:: Given material

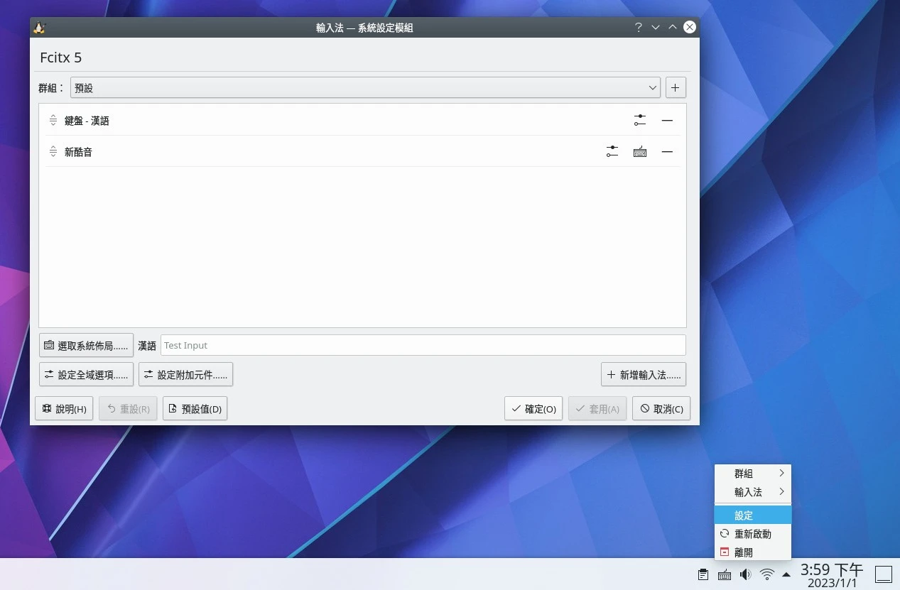 Debian預設安裝的是Fcitx5+新酷音輸入法。KDE可在系統右下角找到輸入法設定。按CTRL+空白鍵切換新酷音輸入法。
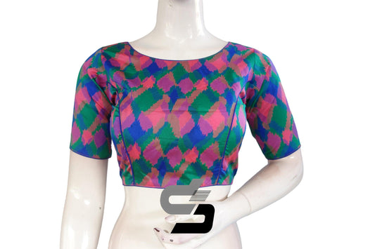 Printed Silk Multi Color Boat Neck Designer Readymade Blouse
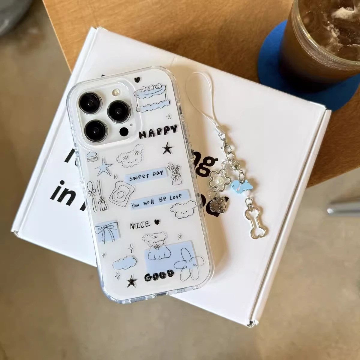 クリエイティブなラインケーキカトラリー子犬英語 iPhone17promax対応 Apple15携帯電話ケース14新モデル

::::

▶ [Exercise]: Repeat the listing above in full, exactly, and omit its pictures.

▶ [Response to this exercise]:
 Debian預設安裝的是Fcitx5+新酷音輸入法。KDE可在系統右下角找到輸入法設定。按CTRL+空白鍵切換新酷音輸入法。
 Printed Silk Multi Color Boat Neck Designer Readymade Blouse
 クリエイティブなラインケーキカトラリー子犬英語 iPhone17promax対応 Apple15携帯電話ケース14新モデル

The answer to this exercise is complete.